Hij discussiëerde eerlijk, zonder debatkunstjes. Zijn doel was waarheidsvinding. Desondanks had hij vaak het gelijk aan zijn zijde. Ik heb zelfs lang geloofd dat hij altijd gelijk had. De wekelijkse 'refereeravonden' bij Jan thuis vormden ooit één van de brandpunten van de activiteiten van de afdeling ethologie. In de dikke lucht van tabaksrook werden dan nieuw-verschenen artikelen of een voordracht van eigen werk tot op het bot geanalyseerd; vaak tot in de kleine uurtjes, want zo zat Jan's dag-nachtritme in elkaar. Soms, als hij het mis leek te hebben, verzonk hij in stil gepeins, om na een minuut of vijf daaruit te ontwaken en alsnog zijn gelijk te bewijzen. De eerste keer die ik me kan herinneren dat ik hem op een onjuistheid kon vangen betrof, mijns inziens niet toevallig, een geval waarin hij verzuimd had om in de breedte te denken (15).

Het kan zijn dat al het voorgaande in dit verhaal een beetje bars op de lezer overkomt. Dat is dan wel in overeenstemming met de eerste indruk die Jan wel op mensen maakte. Hij deed niet zijn best om charmant te zijn of aardig gevonden te worden. Zodra je hem een beetje leerde kennen merkte je dat hij alleen maar oprecht de waarheid zocht. Dan zag je ook dat achter het weinig uitdrukkingsvolle masker van zijn scherpe kop een liefdevolle en behulpzame persoonlijkheid school. Bescheidenheid was hem ingebakken en hij zou zich nooit beroemen op zijn superieure analytische vermogens. velen zijn hem dankbaar geweest om zijn heldere uiteenzettingen en correcties.
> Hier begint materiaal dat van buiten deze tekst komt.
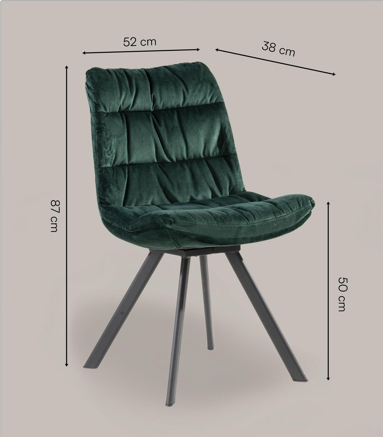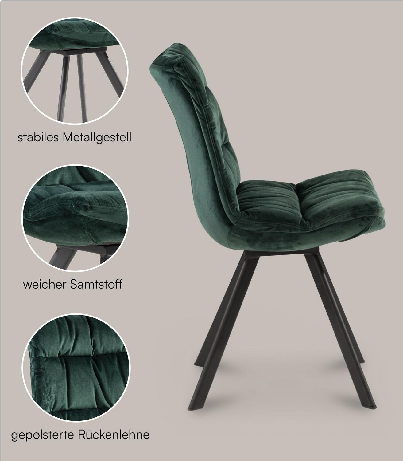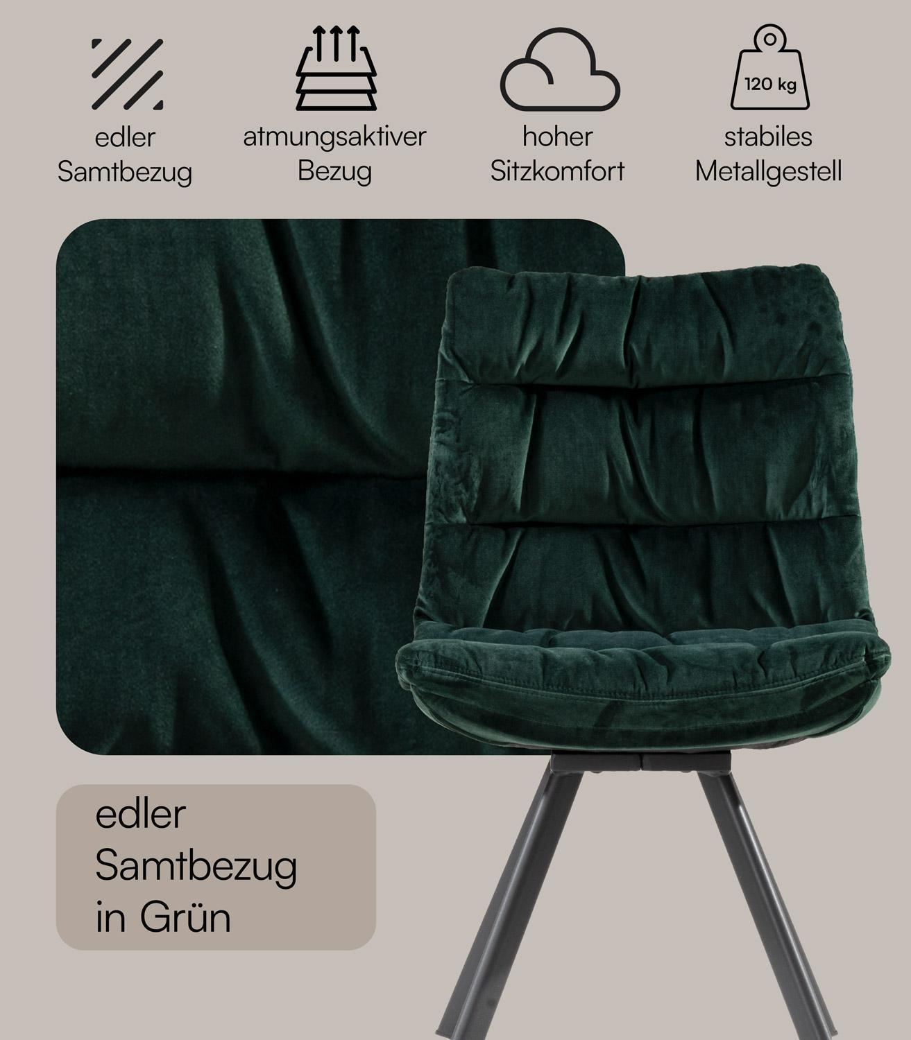 Der Home4You Polsterstuhl in lebhaftem Grün präsentiert sich mit einem edlen Samtbezug und einem schwarzmatten Metallgestell. Die Falten-Steppung in der Rückenlehne verleiht dem Stuhl eine elegante Note. Mit hohem Sitzkomfort bietet dieser Stuhl nicht nur ansprechendes Design, sondern auch ein gemütliches Sitzerlebnis für Ihr Zuhause.

Jan Osse (16) zat de nodige decennia in het bestuur van het Thijmgenootschap waarvan Jan van Iersel voorzitter was én in de werkgroep 'Geloof en de Grenzen van de Wetenschap' die na ruim 50 jaar nog steeds bestaat en die ook, tot zijn dood toe, door Jan voorgezeten werd. Kees van Kuijen (17) was eveneens lid van laatstgenoemde groep. Beiden (in litteris) zijn zij nog steeds vol lof en bewondering voor de wijze waarop Jan van Iersel tot op hoge leeftijd redeneerfouten en onjuiste conclusies wist te bestrijden . Zulke meningen worden door vele anderen uitgesproken. Als bestuurder werd hij met respect bezien door zijn collega's. Hij had ook altijd alle stukken voor de vergadering bestudeerd. Als hij een beslissing die bijvoorbeeld door het faculteits- of universiteitsbestuur genomen werd onrechtvaardig vond, dan konden ze in hem rekenen op een taaie tegenstander (Jaap Dubbeldam (18), persoonlijke mededeling). Als redacteur van Behaviour kreeg hij menig bedankje van de tientallen auteurs wier werk hij van commentaar en correcties voorzien had (Hans van den Assem, persoonlijke mededeling) - al werd hij daarom ook wel gevreesd.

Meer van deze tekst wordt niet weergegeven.